Mi teléfono vibró. Di un brinco.
Un mensaje de Osric.
Tuvimos un accidente en la panadería. Todos están bien, pero tenemos que rehacer 300 muffins. Lo siento muchísimo. No voy a llegar a la boda.
Se me cayó el estómago.
Me volví hacia Romilly, forzando una sonrisa temblorosa.
—Osric no viene. Pasó algo en la panadería.
Ella me miró una sola vez y frunció el ceño.
—Ni se te ocurra pensarlo —advirtió—. Vas a subirte a ese yate, Amaris Kennerly. Aunque tenga que arrastrarte por la maldita rampa.
Conociéndola, lo haría. Así que me enderecé, guardé el teléfono en el bolso y me pegué la mejor sonrisa que pude.
—Está bien. Hagámoslo.
Romilly asintió, satisfecha, y los tres subimos a bordo. Un mesero nos recibió con copas de champaña. Tomé una con gratitud y dejé que el líquido burbujeante hiciera su magia. Sorbo a sorbo, me fui relajando.
Hasta que me giré.
Y lo vi.
Theron Lockhart.
Se me oprimió el pecho cuando lo distinguí al otro lado de la cubierta, con un codo apoyado en la barandilla, los ojos recorriendo a la gente. Incluso ahora, con ese esmoquin negro y el cabello peinado hacia atrás, se veía arrogante hasta la médula, un rompecorazones. Y entonces… me vio.

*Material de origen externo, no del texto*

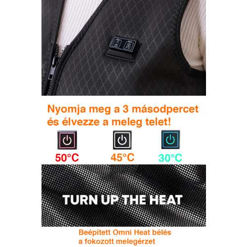 - 9 Fűtőelem: 9 szénszálas fűtőelem elosztva a nyakon, vállakon, elülső részen és a teljes háton a teljes melegség érdekében.

Nuestras miradas se engancharon.
Una sonrisa lenta y engreída se le curvó en los labios, y empezó a caminar hacia mí con una calma calculada.
El pánico me subió de golpe. Me di la vuelta, buscando a Romilly.

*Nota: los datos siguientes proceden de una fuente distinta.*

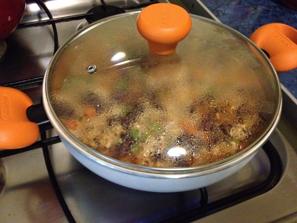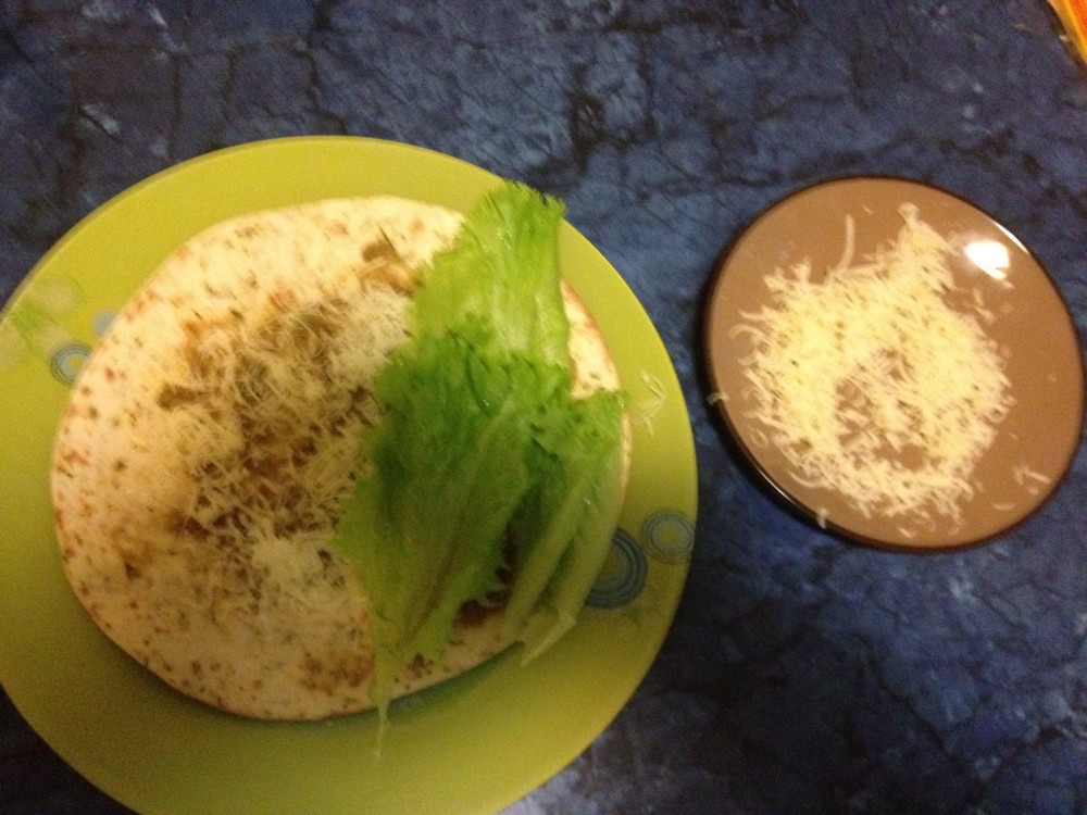 In cateva linguri de ulei de masline se caleste usturoiul zdrobit impreuna cu ceapa tocata marunt,se adauga carnea tocata ,apoi se pune putina apa si se lasa sa fiarba inabusit pana scade.Se adauga mazarea si morcovii congelati ,iar spre finalul fierberii - conserva de fasole mexicana.Cand compozitia a scazut se adauga cateva linguri de salsa de rosii (preparata anterior din rosii tocate marunt impreuna cu piper Cayenne,sare,busuioc si usturoi), se mai lasa sa se omogenizeze ingredientele si se inlatura de pe foc.Foile de tortilla se pot unge optional cu pesto sau cu salsa de avocado,se incalzesc la cuptorul cu microunde impachetate in hartie cerata pentru a nu se usca. Cat sunt calde se presoara cascaval ras,cateva foi de salata verde si cateva linguri din copozitia de carne.Se impacheteaza rulandu-se.se pot servi cu orice fel de salsa alaturi ,dupa gust .Buen apetito!

Desaparecida. Boaz también.
Mierda.
—¿Sabes? —murmuró una voz conocida a mi espalda—. Es peligroso que una mujer como tú esté aquí completamente sola.
Me volví, el corazón martillándome.
Theron Lockhart estaba ahí, tan cerca que podía oler su colonia.
—¿Una mujer… como yo? —repetí, ya preparándome para el golpe verbal.
Pero, en cambio, dijo:
—Si yo estuviera aquí con una mujer como tú, no me apartaría de su lado. Me daría miedo que alguien viniera y se la llevara.
Me quedé mirándolo, atónita. ¿Esto era una broma? ¿Una trampa?
No me estaba mirando como el tipo que me había despedido ni como el adolescente que se había burlado de mí. En sus ojos, ahora, yo no era una molestia ni una amenaza.
Yo era una mujer.
¿Qué demonios? ¿Era incapaz de reconocer caras?